What this task involves » Output the first line below and each one after it, exactly, up to and including the line holding "KN2-656CE5.5 川本製作所 KN(2)-C". Pictures should not be copied.
*** Material supplied
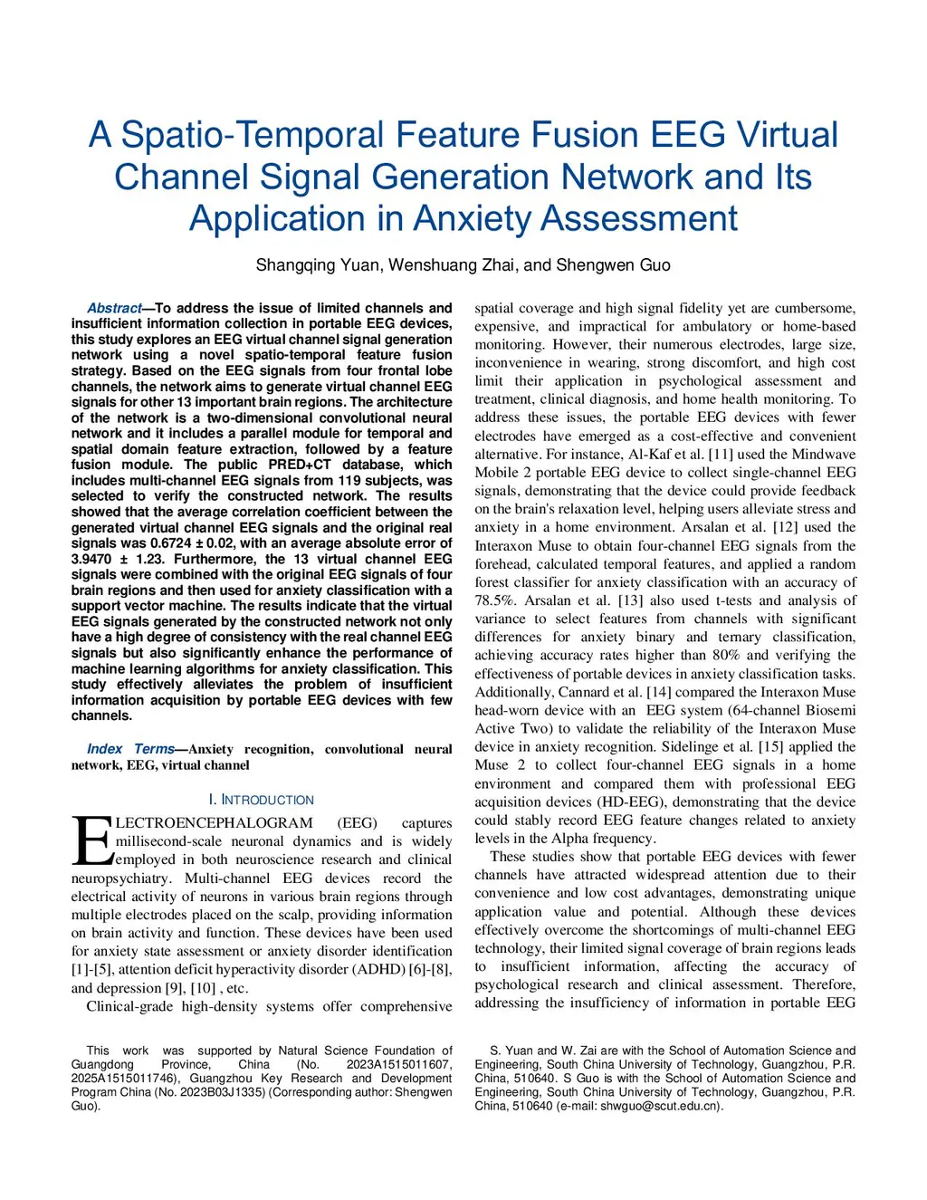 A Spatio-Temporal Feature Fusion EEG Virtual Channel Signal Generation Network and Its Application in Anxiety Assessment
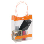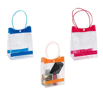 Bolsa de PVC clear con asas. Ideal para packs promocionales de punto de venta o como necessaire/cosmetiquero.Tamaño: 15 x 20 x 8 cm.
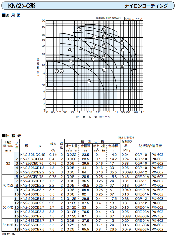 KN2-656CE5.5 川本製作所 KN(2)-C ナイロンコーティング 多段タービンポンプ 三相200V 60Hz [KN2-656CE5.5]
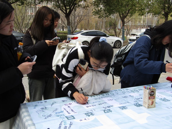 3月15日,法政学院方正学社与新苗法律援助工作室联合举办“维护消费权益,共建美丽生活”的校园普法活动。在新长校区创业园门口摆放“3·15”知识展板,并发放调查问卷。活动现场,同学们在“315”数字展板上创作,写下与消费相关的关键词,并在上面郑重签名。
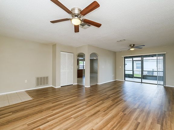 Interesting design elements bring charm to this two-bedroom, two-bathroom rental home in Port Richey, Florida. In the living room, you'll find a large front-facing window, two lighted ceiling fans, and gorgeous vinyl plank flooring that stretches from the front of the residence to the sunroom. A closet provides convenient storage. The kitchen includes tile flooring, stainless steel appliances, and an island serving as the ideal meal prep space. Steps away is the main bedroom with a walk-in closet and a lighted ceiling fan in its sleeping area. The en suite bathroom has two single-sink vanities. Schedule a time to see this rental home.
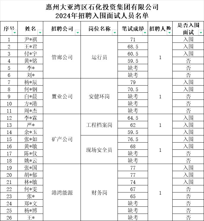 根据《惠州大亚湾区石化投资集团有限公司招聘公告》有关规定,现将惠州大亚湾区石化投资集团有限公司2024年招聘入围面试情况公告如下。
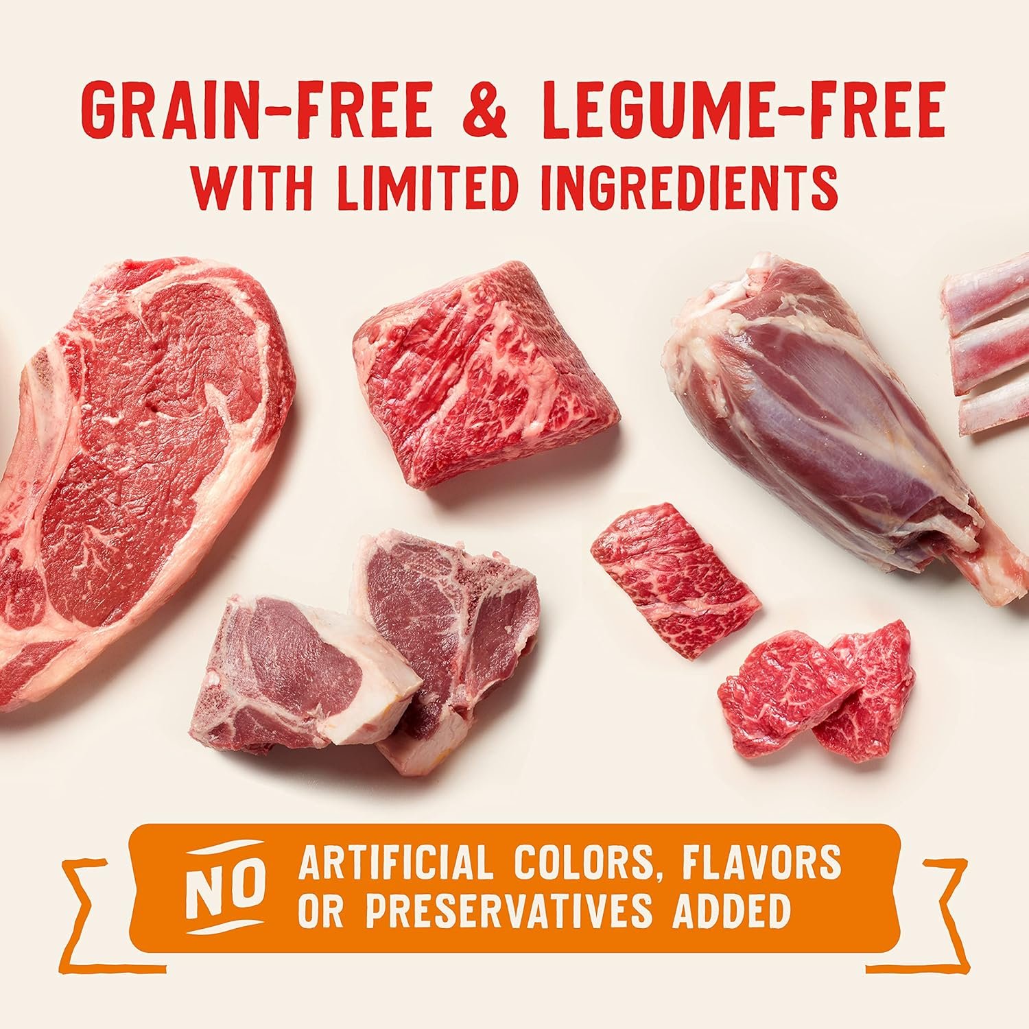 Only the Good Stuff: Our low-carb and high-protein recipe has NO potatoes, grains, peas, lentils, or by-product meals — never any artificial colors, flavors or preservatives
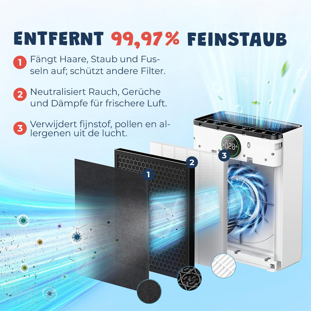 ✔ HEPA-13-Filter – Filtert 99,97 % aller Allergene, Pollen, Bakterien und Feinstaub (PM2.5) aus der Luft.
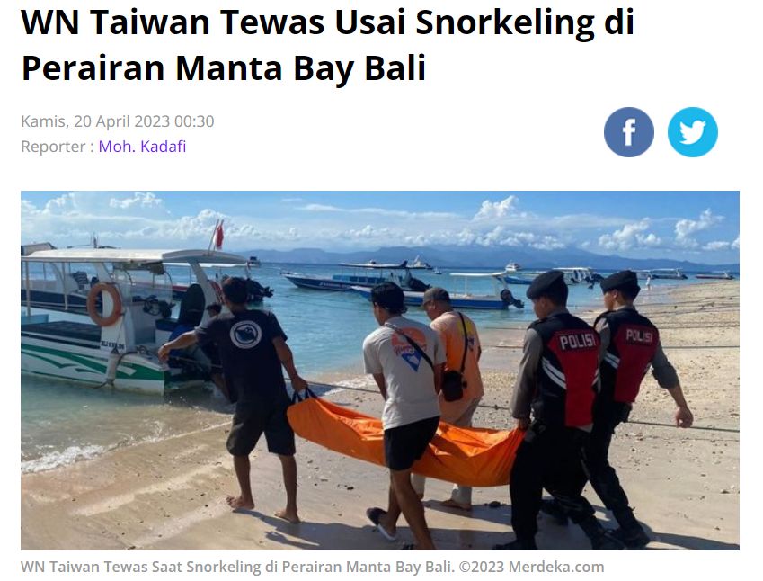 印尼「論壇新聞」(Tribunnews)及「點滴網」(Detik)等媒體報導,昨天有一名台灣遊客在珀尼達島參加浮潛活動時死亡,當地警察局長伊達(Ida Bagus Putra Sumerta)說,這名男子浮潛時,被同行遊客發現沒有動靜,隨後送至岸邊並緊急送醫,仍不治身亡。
******
Exercise output »
 A Spatio-Temporal Feature Fusion EEG Virtual Channel Signal Generation Network and Its Application in Anxiety Assessment
 Bolsa de PVC clear con asas. Ideal para packs promocionales de punto de venta o como necessaire/cosmetiquero.Tamaño: 15 x 20 x 8 cm.
 KN2-656CE5.5 川本製作所 KN(2)-C ナイロンコーティング 多段タービンポンプ 三相200V 60Hz [KN2-656CE5.5]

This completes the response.